I brought the kingsley to my weekly jam today. I plugged it into a bogner 1x12 with a vintage 30 in it. This amp was outstanding in a band situation. There was so many tones available from this amp it was stunning. Not a bad tone to be had. I spent a lot of time in triode mode but swtiched over to pentode mode for the Cream tunes. This is THE most touch sensitive amp I have at the moment. And 30 watts is the perfect power for me too. 

Cheers
Larry


----------



## Tybone (Feb 12, 2006)

*It just keeps getting better*

When I got the kingsley it was equipped with a quad of Tesla EL84 (not JJ's but Teslas). Pete said they sounded much better than the previous set of tubes in there. Being a bit of a corksniffer I decided that a quad of telefunkens should also sound good.

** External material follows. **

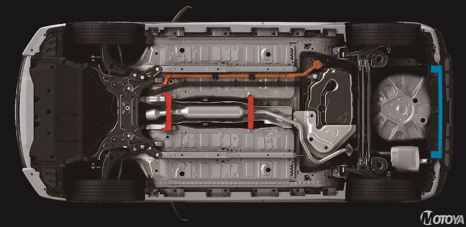 아쿠아 GR 스포츠가 일반형 모델과 가장 큰 차이를 갖는 부분은 단연 섀시에 있다. 글로벌 아키텍처를 기반으로 개발된 아쿠아는 그 자체로도 충분한 강성을 가졌지만 GR 스포츠는 더욱 뛰어난 운동성능 및 조종성능 실현을 위해 섀시 전반에 걸쳐 보강을 거쳤다. 먼저 차량의 바닥 하부에 2개의 브레이스 보강재를 덧대는 한 편, 리어범퍼 부근에 전용의 보강재를 추가하여 더욱 탄탄한 비틀림 강성을 갖게 한다.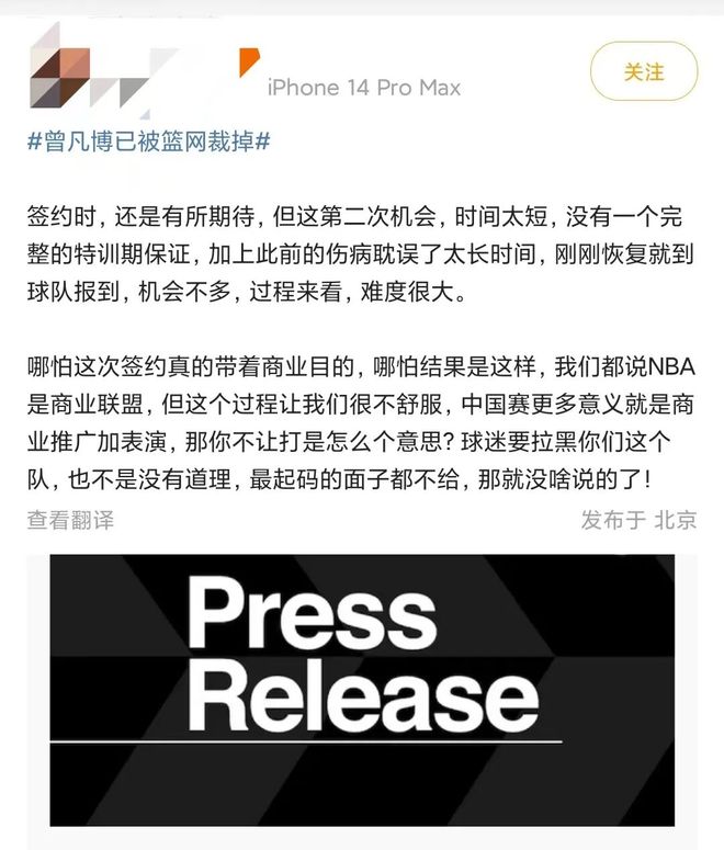 说句实话,看到曾凡博被篮网裁掉的消息,应该很多人心里都不是滋味。有人会说这是早就能猜到事情,毫无意外;但我想说,曾凡博这一趟,不应该是白走的。在刚刚结束的两场NBA中国赛中,曾凡博总共出场10分钟,没有得分,也没有什么高光镜头。对于这位年轻人来说,这10分钟,可能就是一整个夏天的意义所在了。被裁之后,工作室也在第一时间发了声明:“感谢所有球迷的支持,能穿上NBA的球衣站上赛场,本身就是一种骄傲。接下来,小曾会回到美国专注恢复,并评估接下来的计划。”

I managed to get a quad from a bloke in the UK and they arrived this morning. I played the amp for 5 min with the Teslas and then I put them (the tele's) in. Drool

They sound great with a sweet top end, deep round lows and very crunchy mids. Absolutly fantastic. Still the same amp but it is musical in slight different way than before. It's my first set of tele's they are staying in there big time.

I will have to do a clip.


----------



## faracaster (Mar 9, 2006)

Dr. Larry

Must hear !!!!! Must hear !!!!!None Drool None Drool


----------



## Theon (Nov 15, 2017)

Hello all! New to the Guitars Canada Forum.

Acquired this Kingsley Deluxe 30T from a fellow a few years back. Wondering if it's the same amp head. Trying to track down the original and/or previous owners of this great amp.

Thanks for any replies ahead of time.


http://imgur.com/aDJu1


----------